LISTED RECORDS Start Marker
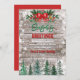 Rustic Country red bow tie Holiday Christmas party greeting card. Rustic christmas winter party invitations featuring wooden and snowflakes, greenery, cute red bow and Christmas trees, Personalise the details on these fun rustic country Christmas party invitations for your upcoming celebration.
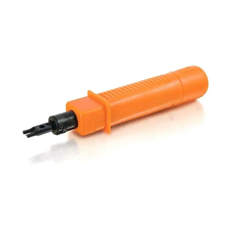 This impact punchdown tool has an impact mechanism inside divided from the turnable body. It also has a rugged frame with a storage compartment in the tool's body for storing one blade. Made from hardened SNCM-21, the blade is interchangeable and reversible - very convenient. Plus, you can quickly change the blade without using a screwdriver.
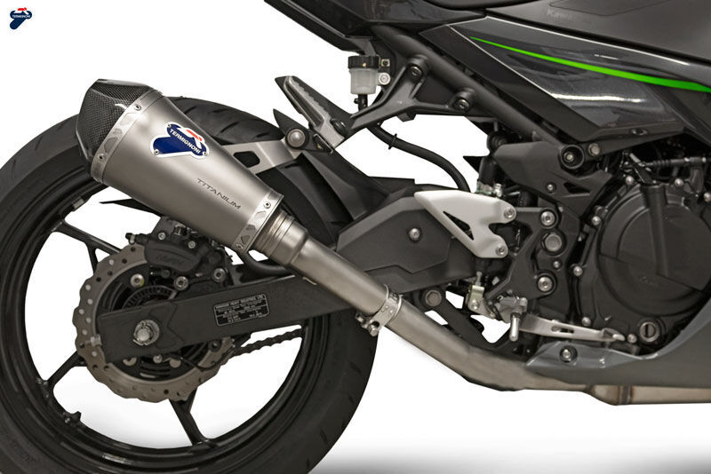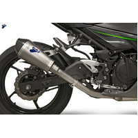 SLIP ON – RELEVANCE CONICO dedicated to KAWASAKI 400 NINJA – Z400 Made of: – Titanium jacket – Carbon end cap – Rivet clamps – Riveted logo. – DB Killer The system includes an adapter piece for connecting to the bike's original manifolds. FOR RACING USE ONLY – NOT EURO 4 APPROVED. Brand Kawasaki Model Ninja 400 YEAR OF PRODUCTION 2019 - 2020 Product Code K083094SO01 APPROVAL Racing Weight difference compared to OEM -3.5 kg MATERIAL MATERIAL Titanium, Carbon
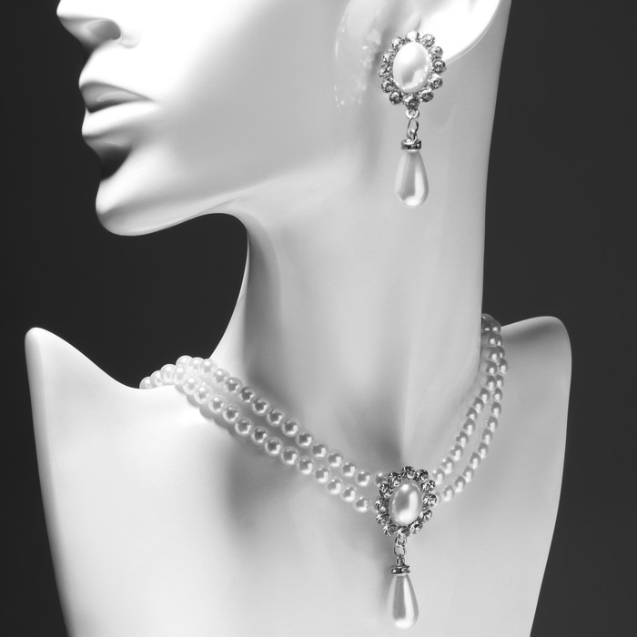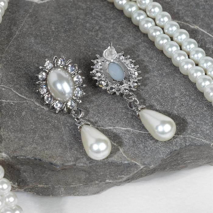 Набор 2 предмета: серьги, чокер «Лёд» три ряда, цвет белый в серебре, 30 см
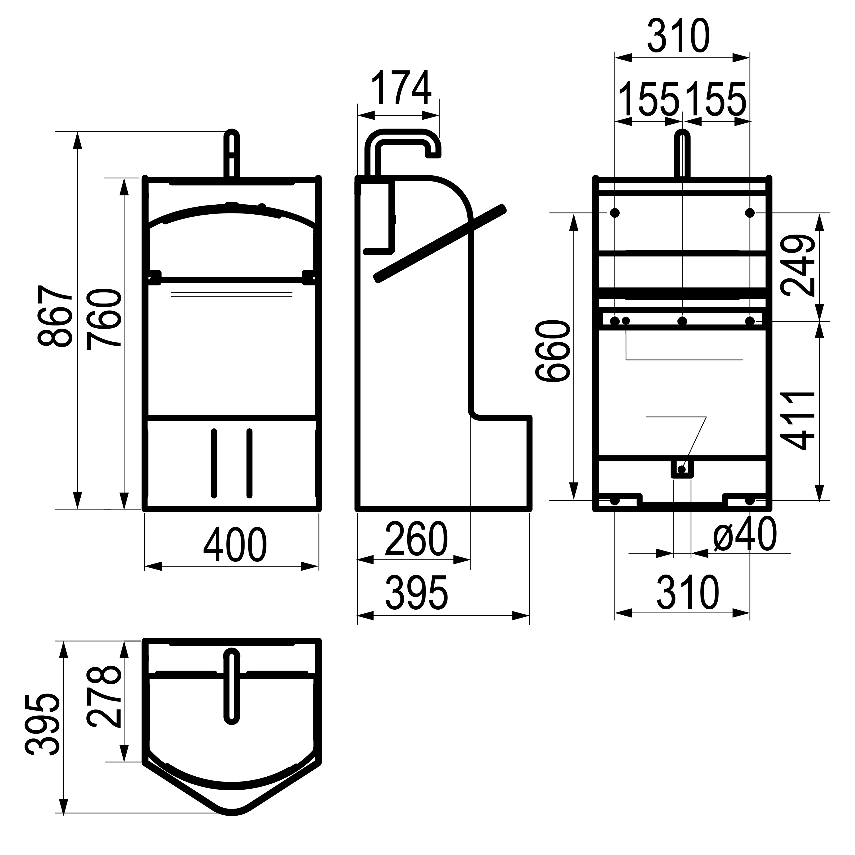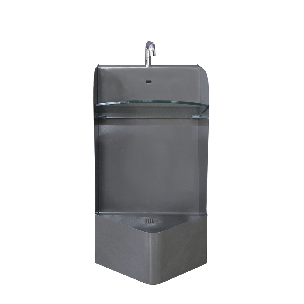 Con bandeja de cristal templado de alta resistencia. Lavabo electrónico integrado meclador mediante maneta integrada. Descarga hacia el urinario cuando el grifo detecte las manos del usuario próximas al sensor de detección. Alimentación mediante pila estándar CR 2 o transformador suministrados con el producto. Desagüe del equipo es de diámetro 40 mm.
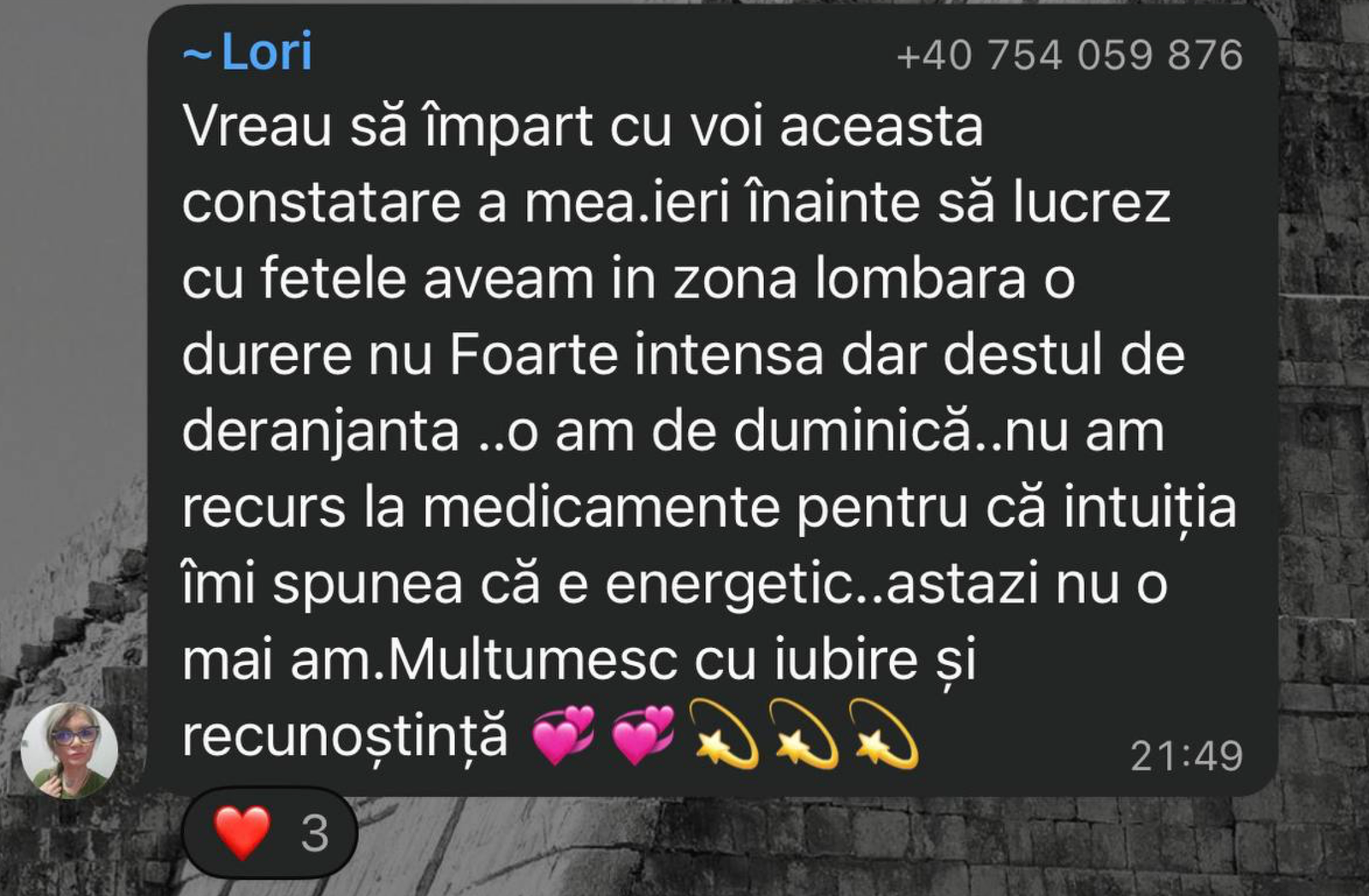 – la un moment dat simțeam că ceva mă perturbă destul de tare dpdv energetic (poate niște entități mai răuvoitoare sau altceva nu știu exact). Whatever that was am simțit că s-a disipat, a dispărut, m-a lăsat în pace și acum mă pot odihni liniștită și fără frică)
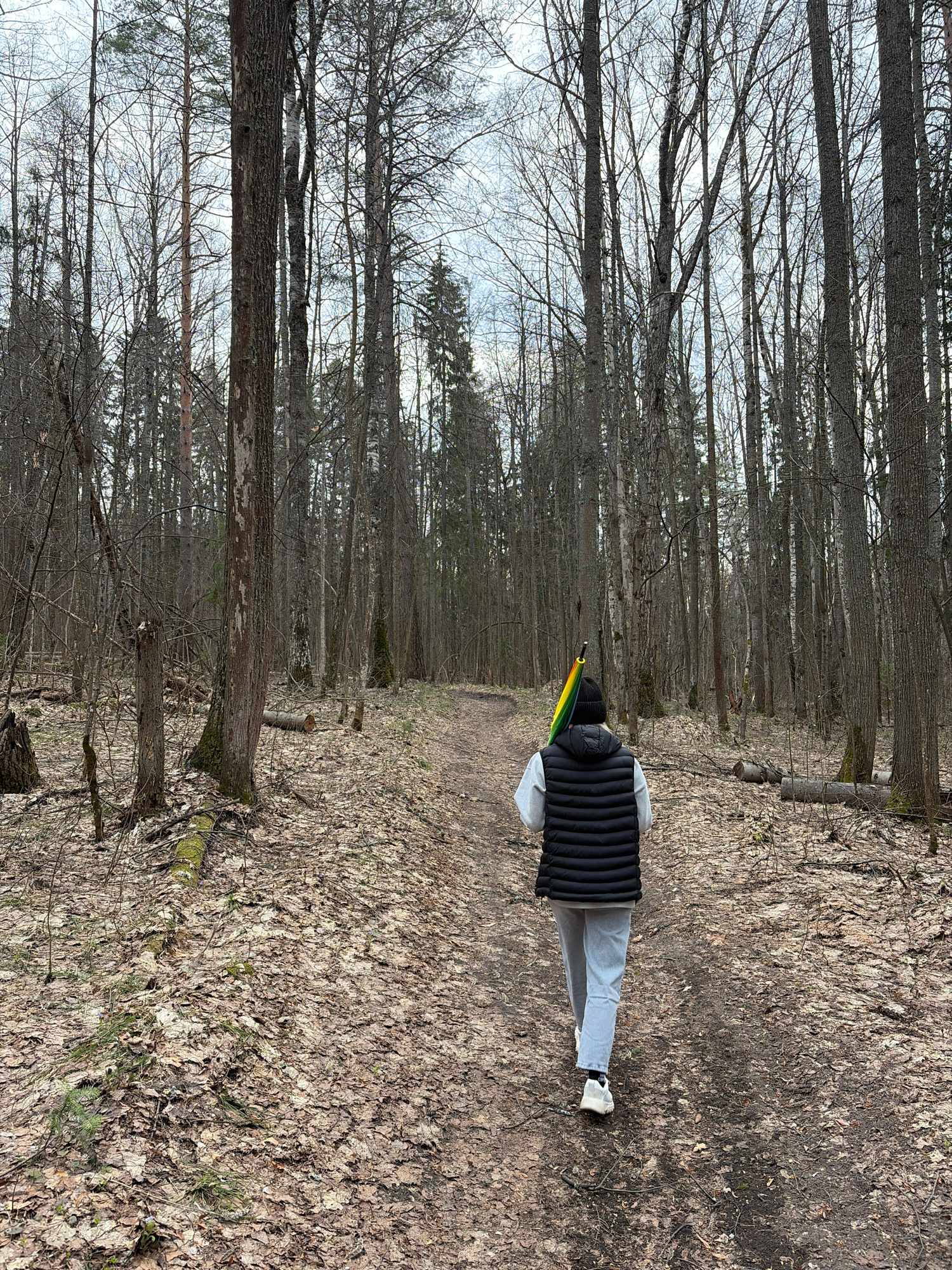 A medium, tilted shot of a person on a path in a bare forest. The person is walking away from the camera along the path. They are wearing a black puffy vest, light grey sweatpants, and white sneakers.…read more
LISTED RECORDS End Marker
# EXERCISE
The reply should hold an exact repeat of the entries from their opening line through the line with "SLIP ON – RELEVANCE", and no pictures at all.

# COMPLETED EXERCISE
 Rustic Country red bow tie Holiday Christmas party greeting card. Rustic christmas winter party invitations featuring wooden and snowflakes, greenery, cute red bow and Christmas trees, Personalise the details on these fun rustic country Christmas party invitations for your upcoming celebration.
 This impact punchdown tool has an impact mechanism inside divided from the turnable body. It also has a rugged frame with a storage compartment in the tool's body for storing one blade. Made from hardened SNCM-21, the blade is interchangeable and reversible - very convenient. Plus, you can quickly change the blade without using a screwdriver.
 SLIP ON – RELEVANCE CONICO dedicated to KAWASAKI 400 NINJA – Z400 Made of: – Titanium jacket – Carbon end cap – Rivet clamps – Riveted logo. – DB Killer The system includes an adapter piece for connecting to the bike's original manifolds. FOR RACING USE ONLY – NOT EURO 4 APPROVED. Brand Kawasaki Model Ninja 400 YEAR OF PRODUCTION 2019 - 2020 Product Code K083094SO01 APPROVAL Racing Weight difference compared to OEM -3.5 kg MATERIAL MATERIAL Titanium, Carbon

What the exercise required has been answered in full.